5. Technical and Practical Significance
IssueMut’s central premise—that bug reports encode domain-specific fragilities not easily found by generic mutation—was empirically validated by discovering non-overlapping bug sets and higher rates of confirmed issue reports. By mining transformations that mirrored previously encountered compiler failures, IssueMut both increases the efficiency of fuzzing (by targeting known failure regions) and introduces the human-in-the-loop knowledge (as encoded in resolved bug reports) into automated toolchains.
Notably, IssueMut streamlines the labor of manually designing mutators, adapts quickly to new language constructs (e.g., C23 features), and provides a scalable mechanism for continuously evolving fuzzing strategies as compiler ecosystems mature.
6. Limitations and Future Work
- Mining Generalizability: While IssueMut automates mutator creation for most bug reports with positive tests, certain bug patterns remain challenging to generalize, especially when context dependence or complex program state is involved.
- LLM Reliance: The negative test derivation depends on the reliability of the LLMs; further improvements in prompt engineering and agent validation could enhance mutator utility.
- Language Scope: Current evaluation focused on C/C++ compilers; extending to other languages (e.g., Rust, Swift) is an open direction.
- Synthesis and Search Synergy: Combining IssueMut’s history-based mutators with coverage-guided search or differential testing may further accelerate unique bug discovery.
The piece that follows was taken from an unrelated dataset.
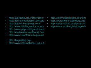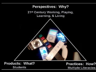 This document provides a list of resources for 21st century learning and learning languages other than English (LOTE). It also summarizes the "5 C's" from New Jersey's 21st century skills curriculum, which are communication, cultures, connections, comparisons, and communities. The document emphasizes using language for real-life communication and experiencing other cultures to develop cultural understanding.
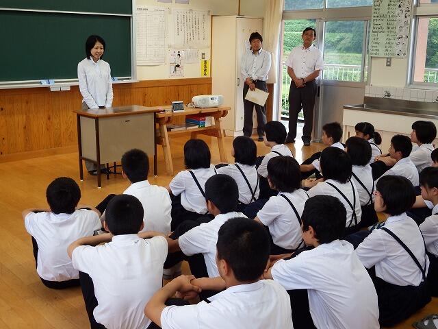 1年生の副担任で英語科の甲斐照美先生が,明日から子どもさんの出産に備えて休暇を取られます。また,甲斐先生の後任として田阪えり子先生が,来週の月曜日から赴任されます。今日は,生徒に対してお二人からあいさつがありました。

7. Implications for Compiler and Fuzzer Design
IssueMut demonstrates that systematic mining of historical bug data can substantially increase the yield of compiler fuzzing. The results indicate that existing fuzzer frameworks benefit from hybridization—integrating history-derived mutators, LLM-generated strategies, and coverage-oriented mutation. This approach motivates a new paradigm where human knowledge, as manifest in bug resolution artifacts, is continually recycled into automated testing pipelines, facilitating more robust evolution of compiler toolchains and serving as a model for similar applications in other critical software infrastructure domains.